RESEARCH has highlighted opportunities to boost the Australian wheat crop yield.
But the findings have yet to be reflected in wheat fields at Elmore, with growers developing their own strategies to respond to changed conditions.
It largely hinges on rainfall.
For more than a century, La Trobe University researcher Dr James Hunt said Australian growers had been sowing spring wheats after autumn rains.
That meant the crops flowered at the optimal time - not so quickly that they suffered from frost, and not so late that they experienced heat stress.
But Dr Hunt said the rainfall needed to establish crops had declined, meaning the traditional approach was no longer reliable.
"Growers have been able to increase yields by pushing sowing into a narrow window in early May, but this is getting harder to achieve," Dr Hunt said.
“A combination of less reliable season opening rains and hot and dry springs has led to a stagnation in national wheat crop yields."
The research team has been investigating alternatives to sowing spring wheats in May.
After seven years of study, it has found a way to increase the window of opportunity for sowing.
The researchers found sowing winter wheats from March maximised any water stored in the soil from summer rains.
Summer rains had not declined - in some areas, they had increased.
"We needed to find a genotype of wheat in which development is slowed so that sowing could be moved earlier but flowering still occur during the optimal window,” Dr Hunt said.
A wheat line uncommon in Australia was found to have a 'fast' winter development pattern.
“Winter wheats are mostly grown in high latitude environments with very cold winters such as northern Europe and are too slow for Australian conditions,” Dr Hunt said.
But researchers found in the Mediterranean environments of the southern and western wheat belt, where most of the wheat in Australia was grown, sowing the fast winter line up to 40 days ahead of traditional sowing times could yield as well as or better than the fast spring sown at its optimal time.
“And in the temperate regions of south eastern Australia, a mid-winter line sown up to 40 days earlier yielded as well as the fast spring sown at its optimal time," Dr Hunt said.
The researchers found national yields could increase by 0.54 tonnes per hectare, equal to about 20 per cent of the current national yield.
“This would produce an additional 7.1 million tonnes of wheat worth up to $1.8 billion to the national economy," Dr Hunt said.
“If appropriate winter cultivars can be bred for Australian growers, farm yields will be increased with little additional investment by growers required."
Commercial breeding companies have developed a number of cultivars as a result of the research.

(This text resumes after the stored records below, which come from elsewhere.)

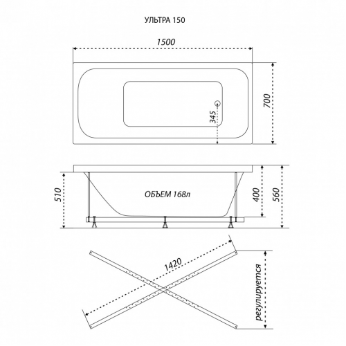Габаритные размеры (ДхШхВ): 1500 × 700 × 560 мм. Глубина чаши — 400 мм, объем — 168 литров.
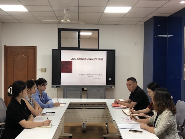 为积极备战2022年12月举行的安徽省第九届职业技能竞赛,2023年举行的中华人民共和国第二届职业技能大赛以及第47届世界技能大赛,金年会于8月7日下午在逸夫综合楼5402召开了竞赛校级选手暑期酒店实习交流会。院长洪常春、安徽省省队专家组组长纵兆荣、指导教师姚雪平、周渊、及校赛三位选手参加会议。
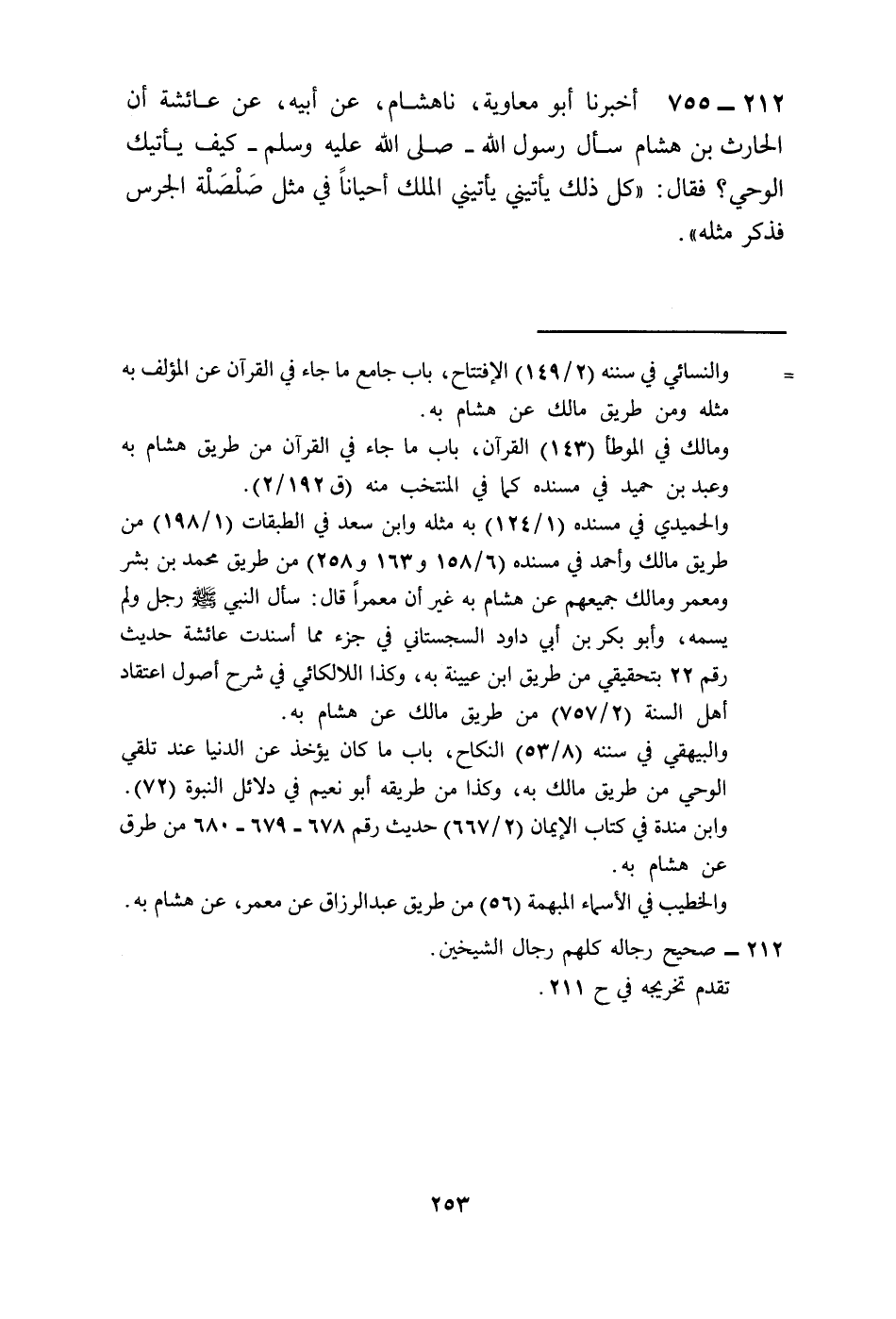 755- أَخْبَرَنَا أَبُو مُعَاوِيَةَ ، حَدَّثَنَا هِشَامٌ ، عَنْ أَبِيهِ , عَنْ عَائِشَةَ ؛ أَنَّ الْحَارِثَ بْنَ هِشَامٍ سَأَلَ رَسُولَ اللَّهِ صَلَّى اللَّهُ عَلَيْهِ وَسَلَّمَ : كَيْفَ يَأْتِيكَ الْوَحْيُ ؟ فَقَالَ : كُلُّ ذَلِكَ يَأْتِينِي ، يَأْتِينِي الْمَلَكُ أَحْيَانًا فِي مِثْلِ صَلْصَلَةِ الْجَرَسِ ، فَذَكَرَ مِثْلَهَ.

The new cultivars are being evaluated in trials in lower rainfall areas of Victoria, South Australia and New South Wales.
If successful, Landmark Elmore agronomist Greg Toomey said the developments were likely to be widely implemented.
But it hadn't reached that stage in the fields at Elmore - yet.
"The science is sound, as you would expect from James, and the logic is there but it will take a while for change to occur," Mr Toomey said.
He said barriers to the implementation of the research included growers being reluctant to have too many varieties of seed stored in their silos and a wait for seasonal conditions to be right to give it a go.
Mr Toomey said more and more growers were sowing by the calendar rather than by rainfall.
Come April 10, he said growers would start sowing in the dust and just keep at it.
The theory was that a seed already in the ground when it rained would benefit from exposure to a warmer soil temperature and grow quicker than seeds sowed after rain, when the soil temperature was lower.
"Dry sowing has become an enormously important part of a cropper's tactics now," Mr Toomey said.
The La Trobe University and CSIRO research was made possible with investment from both the Grains Research and Development Corporation and CSIRO.
It was published in the scientific journal Nature Climate Change.